Collected material:

***

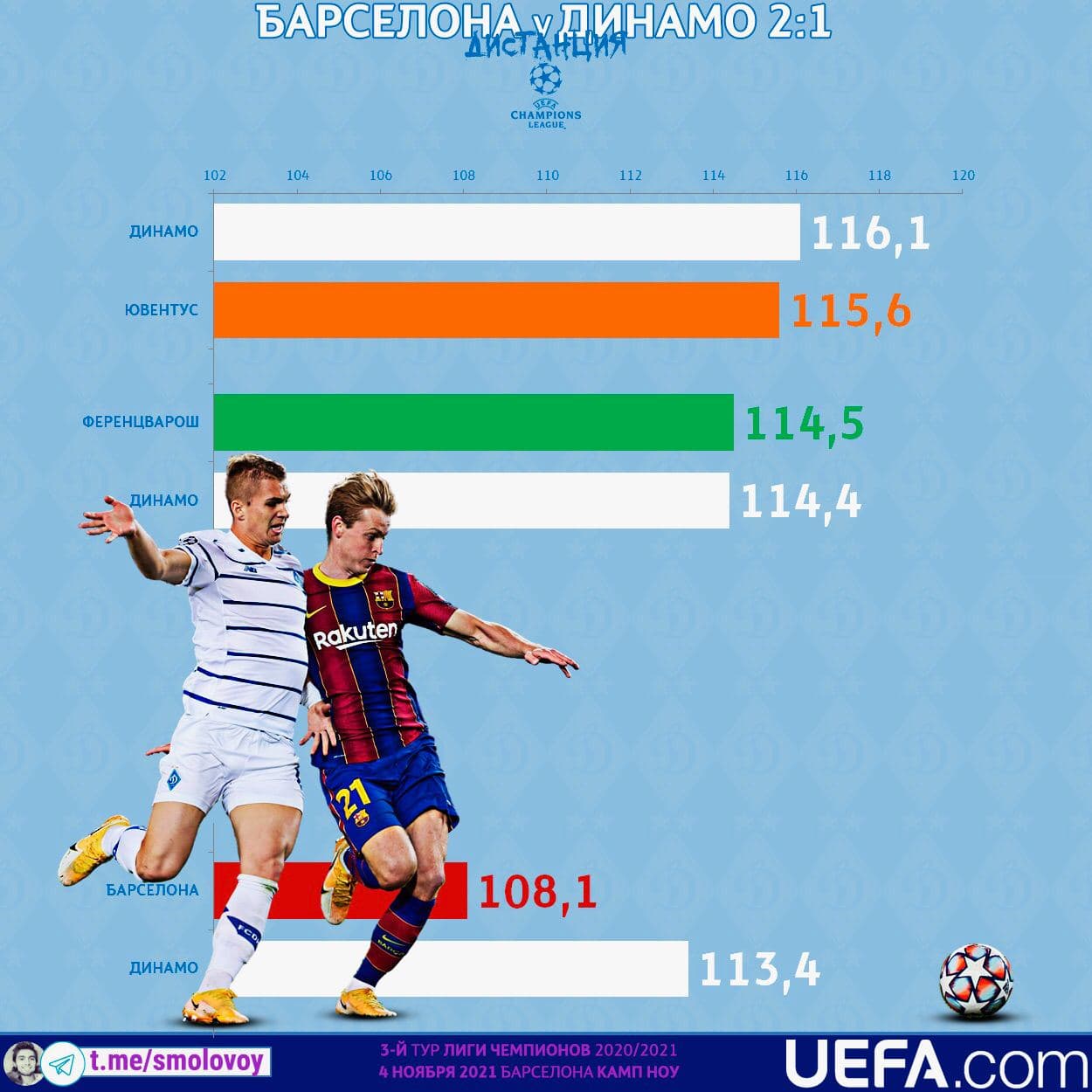 Блогер Михаил Смоловой поделился статистикой по матчу "Барселона" - "Динамо" (2:1).
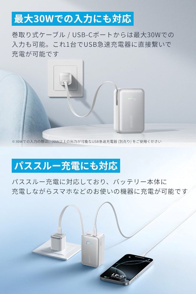 巻取り式ケーブル / USB-Cポートからは最大30Wでの入力も可能です。これ1台でUSB急速充電器に直接繋いで充電が可能です。
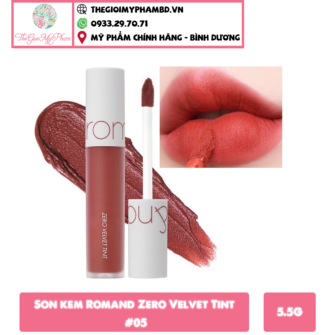 Chiếm trọn tình yêu từ các cô gái bằng các dòng son tint thời thượng và Son Kem Lì Mềm Mượt Romand Zero Velvet Tint là thỏi son đặc biệt được hãng hết sức chỉnh chu từ hình ảnh cho đến chất lượng kết cấu son.

***

What you are asked to do: Pictures are to be excluded; all other material must be transcribed exactly.

Expected answer:
 Блогер Михаил Смоловой поделился статистикой по матчу "Барселона" - "Динамо" (2:1).
 巻取り式ケーブル / USB-Cポートからは最大30Wでの入力も可能です。これ1台でUSB急速充電器に直接繋いで充電が可能です。
 Chiếm trọn tình yêu từ các cô gái bằng các dòng son tint thời thượng và Son Kem Lì Mềm Mượt Romand Zero Velvet Tint là thỏi son đặc biệt được hãng hết sức chỉnh chu từ hình ảnh cho đến chất lượng kết cấu son.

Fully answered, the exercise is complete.